The house was bought in 1645 by the young lawyer Hendrik Wolfsen (1615–1684), the wealthy son of a councilman (Rijkman) in Zwolle. Hendrik kept a diary in the 1640s until 1649 when he became magistrate of Zwolle. The facade of his house was improved in the early 17th century, probably according to his instructions. His daughter, the painter Aleijda Wolfsen, was born there on 22 October 1648. From 1650–1656, he became a representative to the Staten Generaal and stayed for weeks at a time in The Hague. In 1657, he moved his family to the Hague when he was promoted to member of the high court of the Duchy of Brabant.

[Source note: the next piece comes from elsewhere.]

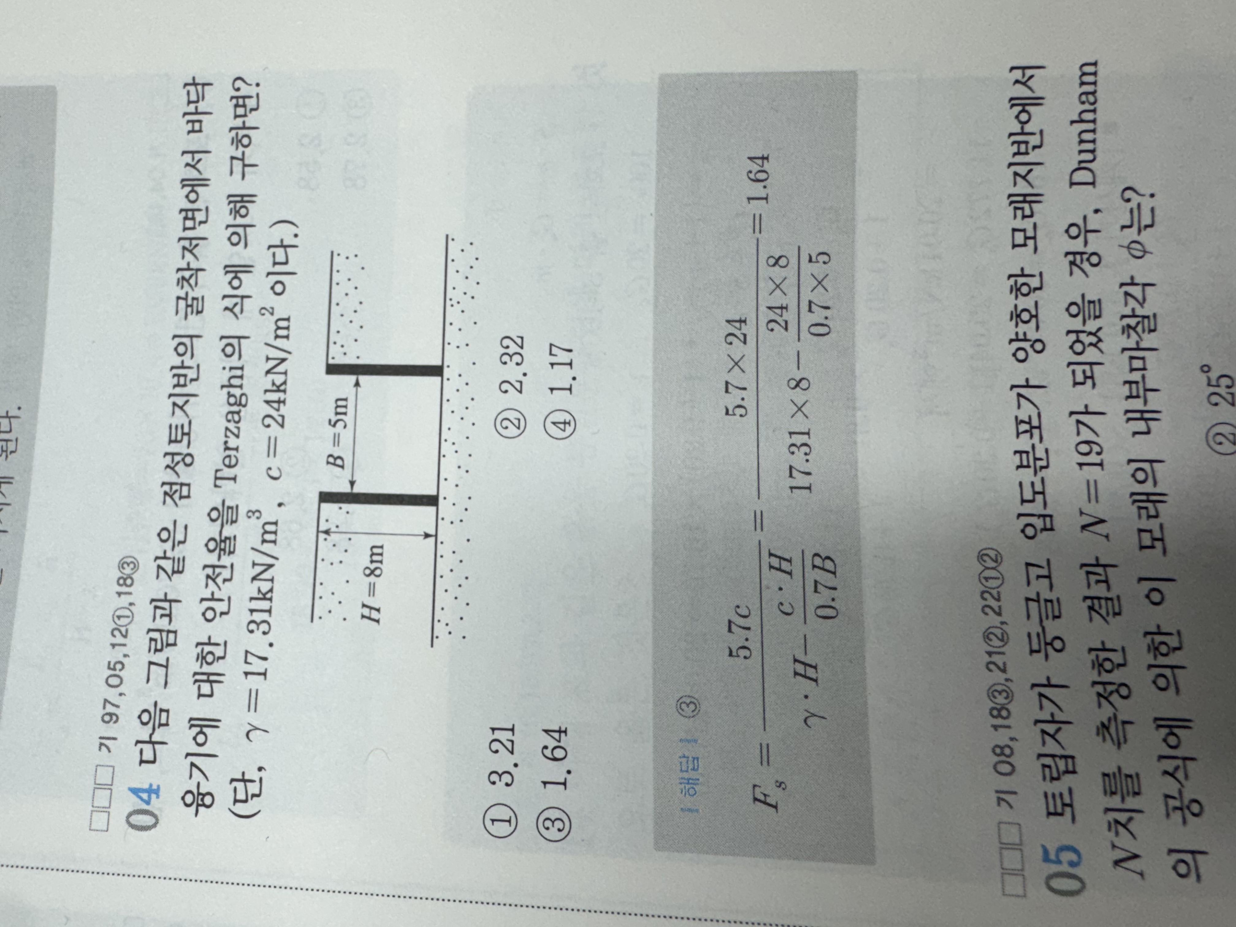 질문하신 내용은 바닥융기(히빙)에대한 안전율을 테르자기가 제한한식(얕은기초의 지지력공식과는 다른공식입니다.)을 적용하는 문제이며, 자주 출제되는 문제가 아니기에 공식이 생소할 수 있습니다.

He kept the house in Zwolle, and when his daughter Aleijda married Pieter Soury (later mayor of Zwolle) in 1667 in Rijswijk, he gave her the house on the Grote Aa in exchange for the couple's possessions in the Hague.

The couple had several children, and in 1680 they made improvements to the house, most notably building the hallway attaching the front house to the rear house, so that they could house their extended family. The extra space was probably also necessary as a studio for Aleijda, who continued to paint after her marriage. Her sitting room, the "Grote Sael" (later the regent's room) with its carved mantelpiece, and the carved wood decorations and marble floors in the hallway were all added during Aleijda's lifetime.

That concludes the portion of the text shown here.